En Esto es Hollywood, que presenta el 26 de febrero en la sede de Artículo14, Estévez sistematiza esa experiencia acumulada y propone un recorrido por la anatomía real de la industria: sus egos, sus pactos tácitos, sus contradicciones morales y su innegable capacidad de seducción. El libro levanta la alfombra roja para mostrar la infraestructura humana que sostiene el espectáculo, y lo hace con una prosa directa, informada y consciente de que el mito solo se entiende cuando se conoce su engranaje. Antes de esa cita, conversamos con ella sobre la adrenalina intacta de cada entrevista, la transformación de Hollywood en tiempos de incertidumbre política y el precio personal que implica vivir profesionalmente en la ciudad donde los sueños se fabrican en serie.

¿Cuál ha sido la entrevista más desafiante de tu carrera?

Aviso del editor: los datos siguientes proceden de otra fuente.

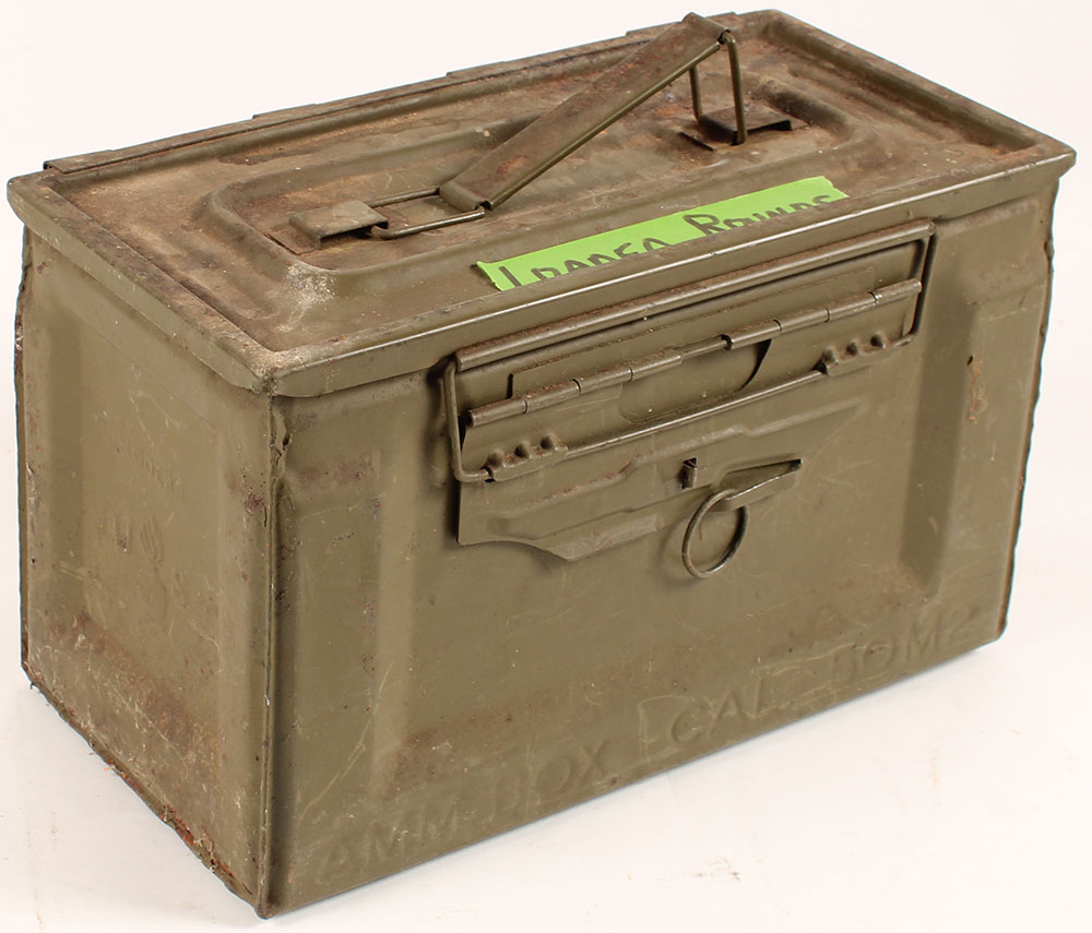 US, .50 cal ammo can, old side open style, empty, inside is clean with no rust. Grade: Very Good - Value: 10 to 30

Todas son un desafío. Tal vez sentarme con Robert Redford, porque era el actor al que más admiraba. La entrevista con Lauren Bacall, como cuento en el libro, fue complicada al principio y luego se volvió maravillosa.
Hablas de “todo lo que se esconde tras el glamur”. ¿Qué es lo que más sorprende cuando uno cruza esa alfombra roja por dentro?

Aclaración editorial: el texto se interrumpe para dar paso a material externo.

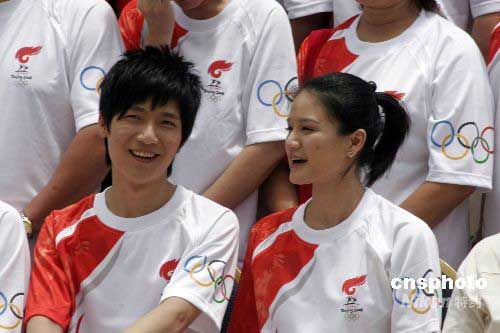 陳楚生和吳英娜到達(dá)三亞參加圣火的傳遞。中新社發(fā) 尹恩彪 攝
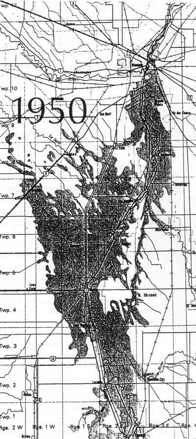 The extent of floodwater in southern Manitoba in 1950.
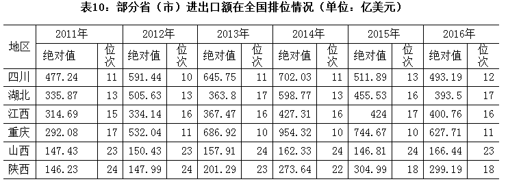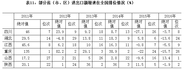 从外贸进出口增速看,陕西在6省(市)中最为突出,从2011年的全国增速第22位,提升至2016年第2位,提升20个位次。其余5省(市),进出口增速提高最快的是山西,从2011年的第27位,上升至2016年的第1位,提升了26个位次,上升幅度居全国第1。四川、湖北、江西、重庆五年来增速没有明显提升,尤其是近两年随着全国进出口贸易整体趋势的下降,增速明显下滑。

El miedo. Estos ídolos, como cualquier persona, son de carne y hueso. Tienen miedos e inseguridades. Su temor al fracaso y al rechazo es enorme. Por eso muchos se esconden detrás del personaje que han creado. Son pocos los que se muestran tal y como son. Las nuevas generaciones parecen menos intimidadas ante los medios, pero quizá se deba a que están muy expuestas en redes sociales y se enfrentan al público de otra manera.
En el libro abordas polémicas, egos e intimidades… De todos los temas que tratas, ¿cuál es tu favorito y por qué?
Uno de los temas que más disfruté escribiendo fue la trastienda de Los Ángeles, la cara B de Hollywood: ese lugar donde muchos sueños se han convertido en pesadillas.
Después de tantos años cubriendo Hollywood, ¿sigues sintiendo la misma adrenalina antes de una gran entrevista?
Siempre. Si hay algo que se ha convertido en mi combustible es la curiosidad. Soy muy preguntona desde niña y me interesa escuchar a la gente. Cada entrevista, aunque haya hablado varias veces con el mismo artista, es distinta. Cada día tiene una energía diferente.
Has sido corresponsal en diferentes destinos. ¿Qué dirías que define tu mirada como corresponsal?
Ser capaz de vivir cada mañana como si fuera única. Lo importante es estar en el presente y preparar siempre los temas con cuidado. El rigor y la dedicación, aunque a veces impliquen sacrificar mucho tiempo personal.
Muchos artistas se están yendo de EE UU tras la llegada de Trump. ¿Se ha notado en la industria del cine? ¿Hay un declive?
Hollywood ya estaba en declive antes de su llegada. Comparado con lo que fue, hoy Hollywood está lejos de aquella época dorada. Muchos dicen que Hollywood está muerto.
Los Ángeles es una ciudad vibrante y diversa. ¿Hay miedo al ICE? ¿Han cambiado los hábitos de los angelinos por temor a detenciones arbitrarias?
En muchas ciudades de Estados Unidos hay ciudadanos que sienten miedo ante el ICE, y Los Ángeles no es la excepción. Algunas familias han dejado de salir a la calle, de ir al médico, al supermercado o a cenar fuera. Incluso hay niños que han faltado al colegio. Para muchos, la vida cotidiana ha cambiado por completo.